I wish to thank Jason, and everyone at the Monastery again for welcoming me with such openness. I’m still amazed that I was granted this chance to see shining types of the teachings of a course in miracles acim, and fo initially in an extended while, I don’t feel alone.
Section of me wanted to stay longer, but beneath that desire was thinking that I would be this for the wrong reason; as an easy way to avoid my problems. The stronger feeling was, and is, that my travels will continue.
Before I left, Jason asked if I’d had any insights. What I’m about to share was not yet clear in those days; only on the drive away achieved it coalesce.

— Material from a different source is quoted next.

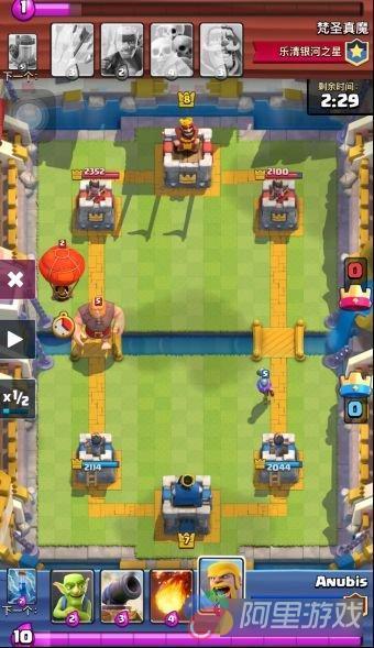 如我所料,对方只有2费的小哥布林进行防守,随后,凭借着反打的兵力,我成功的吃掉了对面的一座防御塔。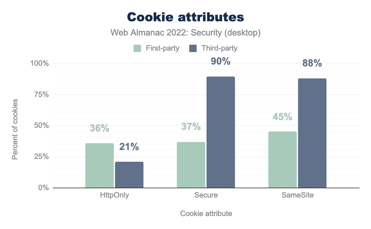 HttpOnlyが36%、Secureが37%、SameSiteが45%で使用されており、サードパーティでは、HttpOnlyが21%、Secureが90%、SameSiteが88%で使用されています。クッキーにはファーストパーティとサードパーティの2種類があります。ファーストパーティのクッキーは通常、訪問している直接のサーバーによって設定されます。サードパーティのクッキーはサードパーティのサービスによって作成され、しばしばトラッキングや広告配信に使用されます。デスクトップでのファーストパーティクッキーの37%にSecureがあり、36%にHttpOnlyが設定されています。しかし、サードパーティクッキーでは、クッキーの90%にSecureがあり、21%にHttpOnlyが設定されています。サードパーティのクッキーではHttpOnlyの割合が少ないのは、JavaScriptコードによるアクセスを許可したいためです。

That morning, several lines from the Vance Joy song kept running through my head, “I never must have told you, never must have let you see inside. Don’t are interested troubling your mind, won’t you allow it to be?” This confused me as I possibly could not think of something that I’d said that I felt regret for.

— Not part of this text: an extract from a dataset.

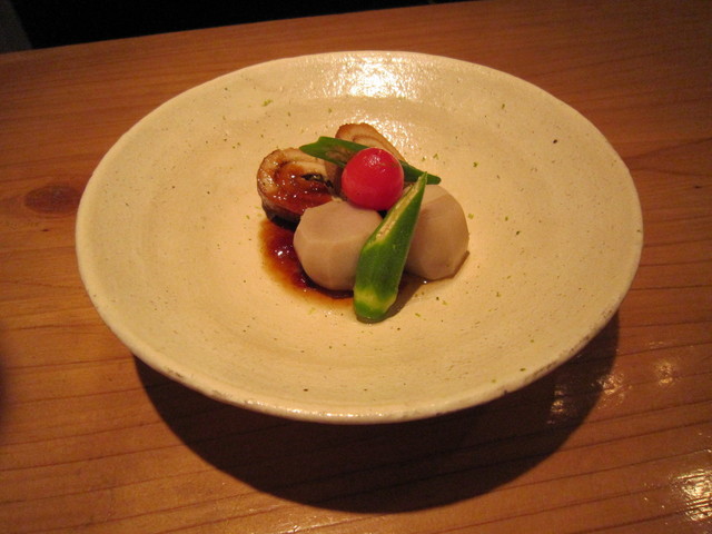 「冷し野菜煮」:冬瓜・石川芋・茄子・青だつ(ハスイモの葉柄)・ヤングコーン・オクラなどで、それぞれに丁寧な技が施され、青柚子の香りも嬉しい。

Eventually, the phrase, “don’t are interested troubling your mind” stood out. This reminded me that the absolute most prominent fear I’d in arriving at the Monastery was that I’d somehow interfere using its residents’reassurance, simply by my presence alone. This belief that I possibly could negatively affect other people’s state of mind has been with me for several years, and has colored lots of my past experiences and relationships.
This fear left my awareness soon after I arrived. On the drive away it rose again, but I remembered David saying in one of his true videos that minds cannot attack. I cried and laughed, and now feel like the belief will be (has been?) released.
You can find other things that happened that felt important, but I can’t think of them right now.